第一章 野蛮人的转生

  第一章 野蛮人的转生

  ——妖精历1446年。

  位于阿尔菲多大陆中央的卡尔巴尼亚王国。

  以圣王阿鲁斯为始祖的王家所统治的那个王国的首都、王都卡鲁巴尼亚东北部的沙托斯森林深处,矗立着一名骑士的墓碑。

  然后今晚,从这个森林里,拉开了崭新传说的帷幕——

  「……哈!……哈!……哈!」

  那天,是个暴风雨的夜晚。

  猛烈的风雨卷着漩涡刮来,闪电划破深海般的夜空。

  在被暴风和骤雨所洗礼的树丛间,有一匹马在奔腾着。

  在那匹马的背上,是一位抓着缰绳跨坐着的“少年”。(注释:原文这里就有“ ”。)

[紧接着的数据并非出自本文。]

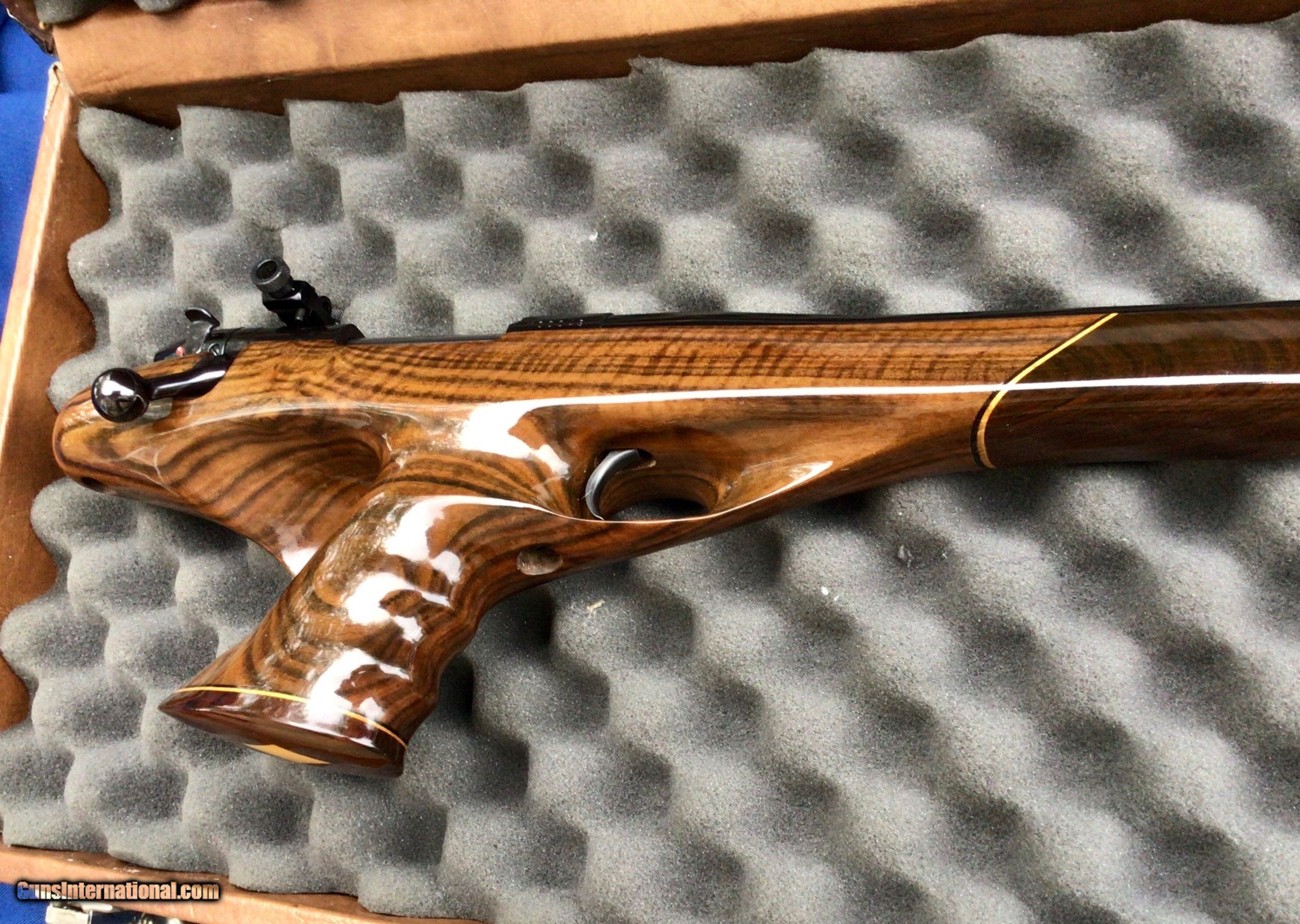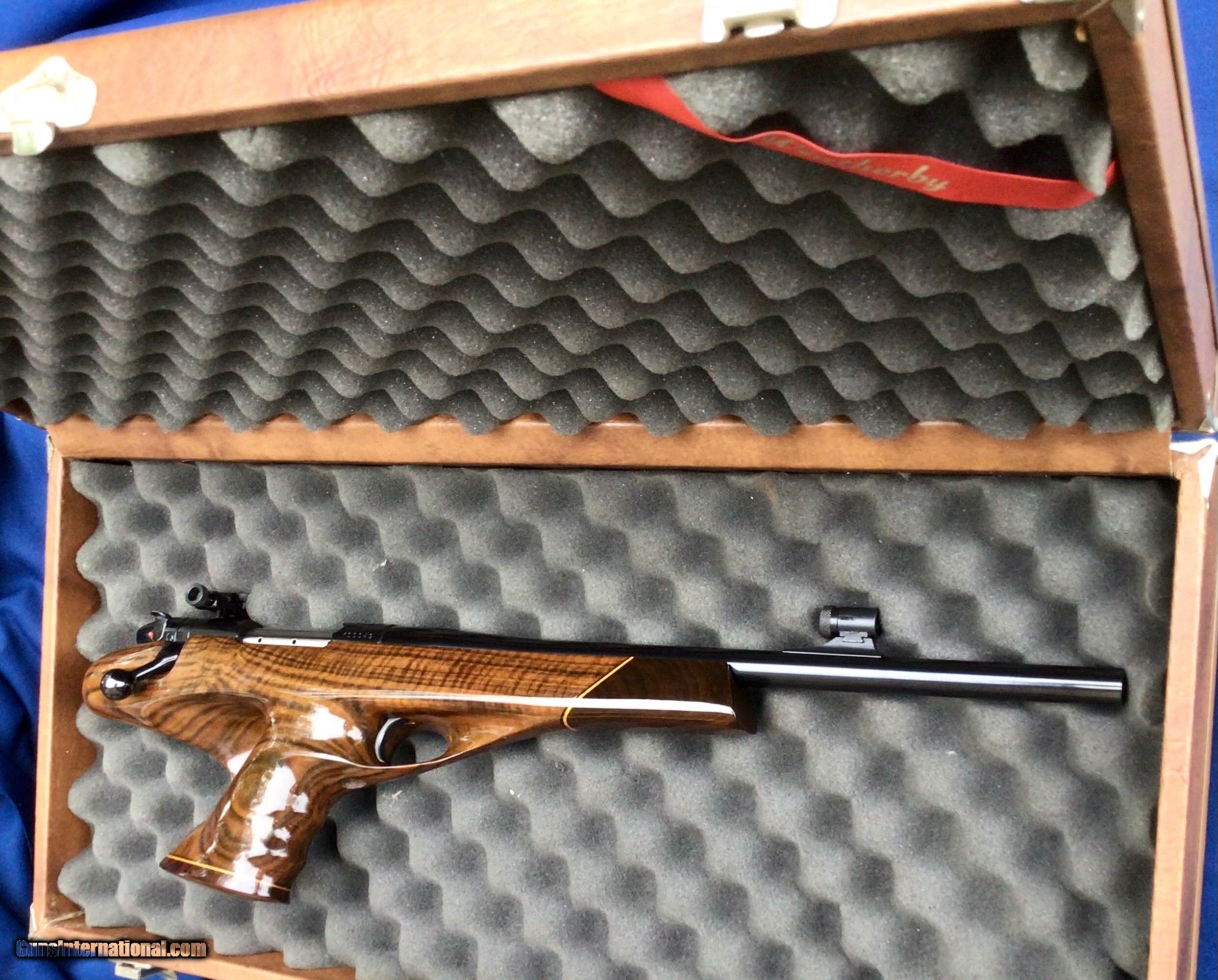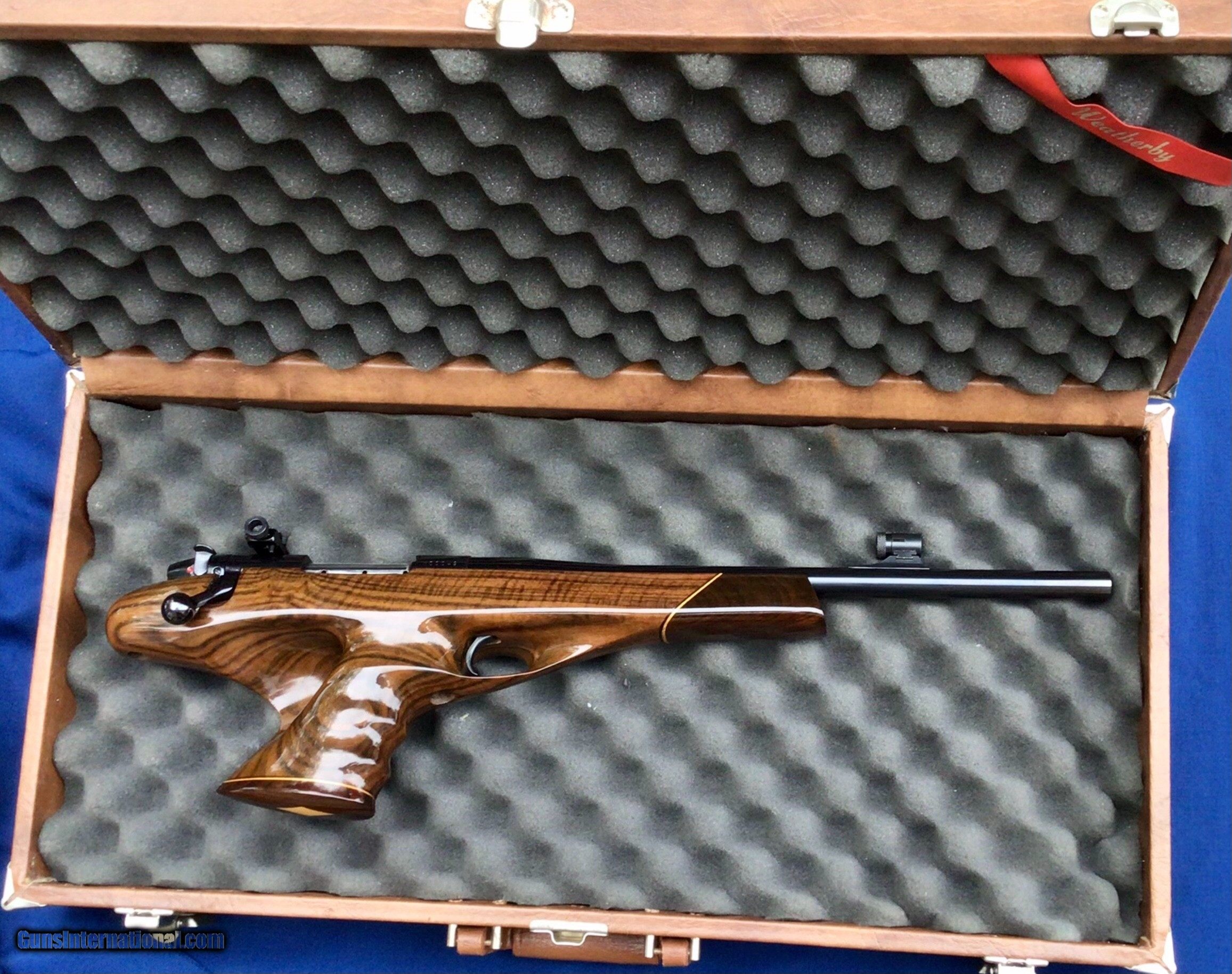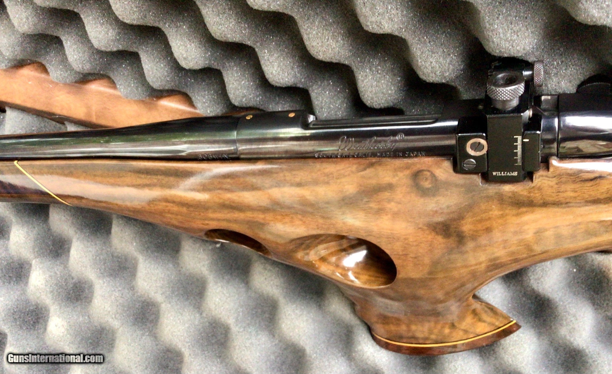 Description: Weatherby Mark V Silhouette Model in .308 Win. made approximately 1980 in Japan. It remains in 99% condition and appears to be unfired in the original factory case. The bronze filler screws on the receiver are present. It is estimated that only 150 were produced in this caliber. Please study the detailed photos for a better idea of the condition. It features a highly figured claro walnut stock with excellent fiddleback figure. This is an investment grade Weatherby. Please contact me via email, and I will respond promptly. References provided upon request. SOLD |

  是一位有着如棉花般柔软的金色短发和清澈碧蓝的眼瞳的“少年”。

  大概十五、六岁左右吧。白瓷般细腻的肌肤,娇小纤细的身体,精致端正的相貌、与其说是中性……不如说,有些许女性的气质。

  但是,从中却丝毫感觉不到女孩子气和不可靠。

  凛然的霸气和让对方不由得跪拜的气度,从那名“少年”身上无法掩盖般地渗透出来。

  在华丽的大衣外披着外套,腰间佩有一把细剑。

  这副打扮是卡尔巴尼亚王立妖精骑士学校的学生——从骑士的正装。

  「我……不能……死……!」

  “少年”鞭策着马,拼命地在森林里驰骋着。

  「要把他……要把他、赶紧叫出来……!」

  被焦躁的火炙烤着的心中浮现的,是他——一位骑士的传说。

  人称,《野蛮人》希德卿。

  他被世人传诵的姿态是残暴邪道、冷酷无比。和骑士道根本沾不上边的骑士。

  但是,“少年”从年幼时就从父亲那里听到的,他的真面目是——

  「…………」

  距离现在的遥远过去,约一千年前的传说时代。

  为了平定因混沌的战乱变成一团乱麻的混沌大陆,防止魔王的侵略,拯救了世界的传说时代最大的英雄王——圣王阿鲁斯。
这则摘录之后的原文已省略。